Kalanchoe refers to a genus of 123 species of tropical plants native to Madagascar and tropical Africa. Some species are also found in Australia. Most of them are shrubs and a few are herbaceous.
They are ornamental plants found in house gardens. Some of them grow in the wild as well. They are very popular for its bright flowers which can be orange, yellow, pink, red, or magenta.
Characteristic of Kalanchoe plants
One anatomic distinction of these plants is that their flowers open by growing new cells on the inside surface of petals to force them to move outwards. They grow cells on the outside to force them back in.
The foliage of these plants is thick, green, and succulent. The leaves surround clusters of small flowers. What makes these plants a florists favorite is the fact that they can be forced to bloom at any time of the year.
Once they bloom, flower clusters can last for weeks or months. They propagate fairly easily, which has made some of them escape house planting to the wilderness.
Toxicity to Pets
Kalanchoe plants contain cardiac glycosides, which are toxic to all animals.
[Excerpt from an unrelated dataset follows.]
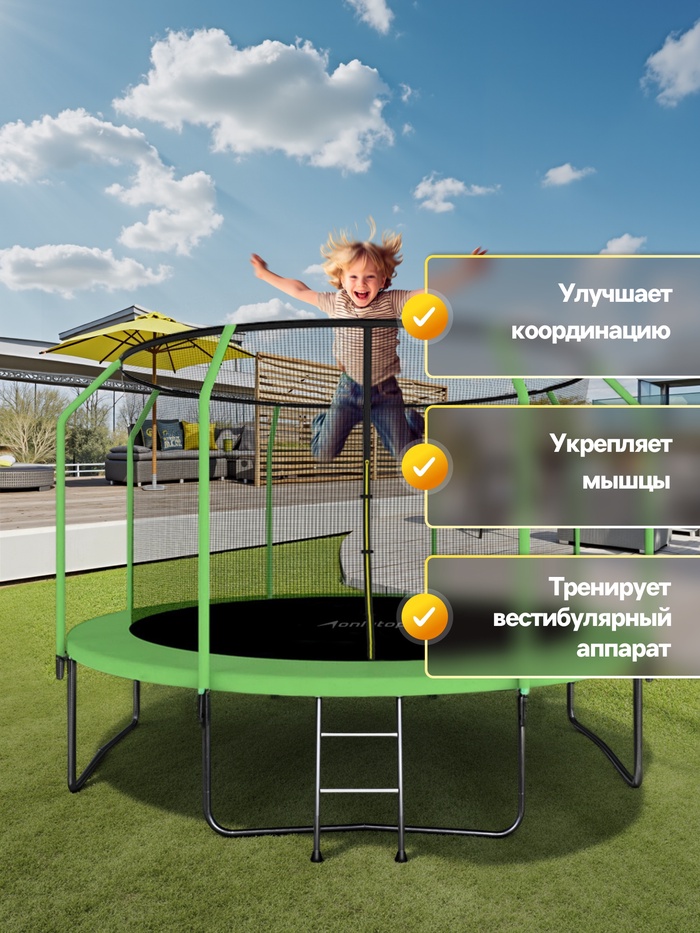 - В комплект входит лестница, которая обеспечивает стабильную опору при входе и выходе с батута.

In fact, in places where the plant is very common, poisoning of cattle and sheep is common.
The plants develop a higher toxicity in the summer because this is the time in which flowers naturally bloom and they contain a higher concentration of glycosides than roots, leaves, or stems.
Your pet can be poisoned if he were to digest any part of the plant, but it is generally not considered a highly toxic plant.
Symptoms of Intoxication
In very rare cases, it can cause cardiac issues such as abnormal heart rhythm and a collapse. If you suspect that your dog or cat has ingested the plant, call your veterinarian immediately.